This thread should be title ‘Rail Volume as percentage of thickness of the board’. But even that is entirely misleading.
Actually this is not a volume calculation, but an area comparison calculation.
Your formula is not very straightforward. But lets look at it and what is trying to be accomplished.
You basically want to compare a rectangular area at the center of the board to a somewhat comparable imaginary rectangular area at the rail.
They are comparable because you assume that both rectangles will share a width of 30 centimeters, but differ in height.
thickness of board at center : 55 centimeters
so 55 x 30 = 1650 sq. centimeters
comparable imaginary rectangular area at rail:
36 x 30 = 1080 sq. centimeters
1080 / 1650 = .6545
take .6545 x 100= 65.45% for a percentage and you get the area of the imaginary rectangular area at the rail is 65% of the area of the rectangular area at the center.
Actually that imaginary rectangle out at the rail is really not there, it more approxiametly exists as half of that imaginary rectangle out at the rail(sliced at the hypotenuse), giving you a percentage number at closer to 32%
In addition, although the rectangle at the center of the board is a full rectangle, your picture dimensions for the imaginary rectangle out at the rail, dont cover the full real estate of the rail.

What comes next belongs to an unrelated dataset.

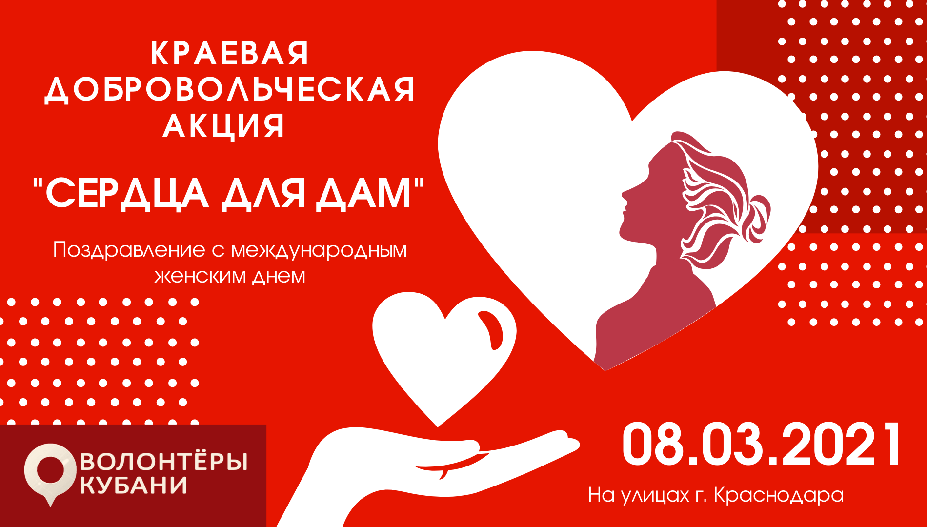 В рамках празднования Международного женского дня 8 марта 2021 г. будет проведена Краевая благотворительная акция "Сердца для дам". В рамках мероприятия добровольцы РОД "ВОЛОНТЕРЫ КУБАНИ" проведут викторину о праздник и поздравят женщин в общественных местах, на улицах города, подарят им приятные сюрпризы сделанные своими руками.

Its quite arbitrarily reduced.
This doesnt’ pass muster, past the analysis of any mathematician. Its logic is full of holes.
I dont either particularly see the usefulness of this measurement, but if you can use it, thats all that counts.
In addition, I
dont see the avg. customer being able to give accurate measurements for
this. Unless they are equipped with a couple of specific calipers.
A ruler or yardstick in the avg. customers hand is not going to cut it.